Jeanette Bernedino worked three months as a nurse caring for a handicapped child. At first her paychecks from the Philippino Placement Agency arrived sporadically, she said, then they started bouncing, and before long the money stopped coming altogether. She quit, and has spent some afternoons protesting outside the agency’s midtown office for the $14,000 she claims she is owed.

Bernedino is not alone in her problems with the agency. The city Bureau of Consumer Affairs, the state Department of Labor and the state attorney general’s office are all investigating the agency in response to charges of fraud and misrepresentation made by six of the placement agency’s former employees and contractors.

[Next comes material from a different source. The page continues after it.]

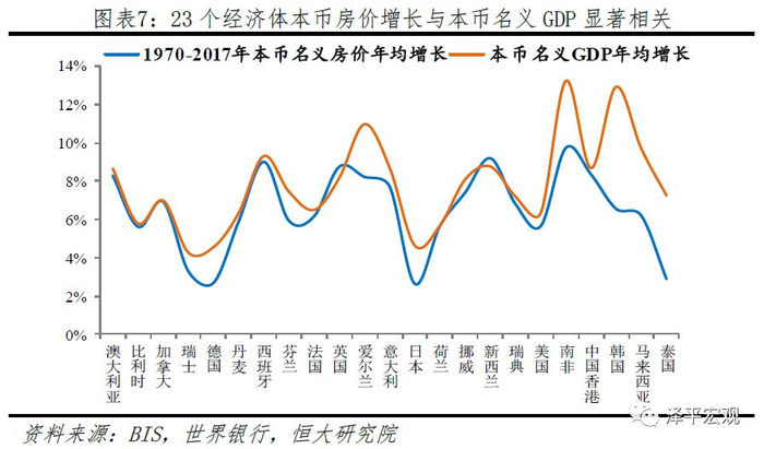 不同经济体本币房价长期走势差异可以解释为四个方面:经济增长带来的收入效应、人口总量与结构变动引起的人口效应、货币供应带来的货币幻觉、住房制度影响的供求格局。房地产兼具消费品属性(居住需求,包括刚需和改善性需求)和金融属性(投资投机需求,并可以加杠杆),因而房价不仅取决于供需(人口及居民收入、土地供给),还与货币供应密切相关。从全球房地产市场运行经验看,在无战争、瘟疫、自然灾害、经济金融危机等冲击的情况下,一国房价随着经济发展而长期上涨。1970-2017年,23个经济体本币房价年均增速、本币名义GDP增速分别为6.5%、7.8%,二者较为接近、且相关系数为0.71;如剔除韩国,22个经济体的相关系数为0.8;如剔除韩国、泰国,相关系数达0.85。名义GDP可分解为人均不变价GDP、人口、GDP平减指数,加上影响供求格局的住房制度,四因素可较好地解释不同经济体房价长期走势差异。

They claim the agency owes them between $1,750 and $21,000 in unpaid wages and from credit card and social security fraud, promised employment opportunities, and stolen jewelry.

“They don’t keep a record, they will just issue a check whenever they want,” said Bernedino.

Gloria Estabillo, owner of the 14-year-old agency, firmly denies almost all of the charges (she does admit to owing Bernedino $5,600). She said pending investigations prohibited her from commenting further.

In the meantime, the Filipino Workers Center, an advocacy group, has organized weekly protests outside the agency headquarters at 104 East 40th Street to keep on the pressure. “We want to stop them from continuing to swindle people,” said organizer Amanda Vender, whose efforts have received the support of the New York City Central Labor Council and state Assemblymember Richard Gottfried.

For some observers, the case is nothing new. The business of exploiting immigrant workers is something “we definitely have to deal with regularly,” said Jose Peralta of the Labor Council. “When we reach out, we try to make them know nothing’s really gong to happen to them.”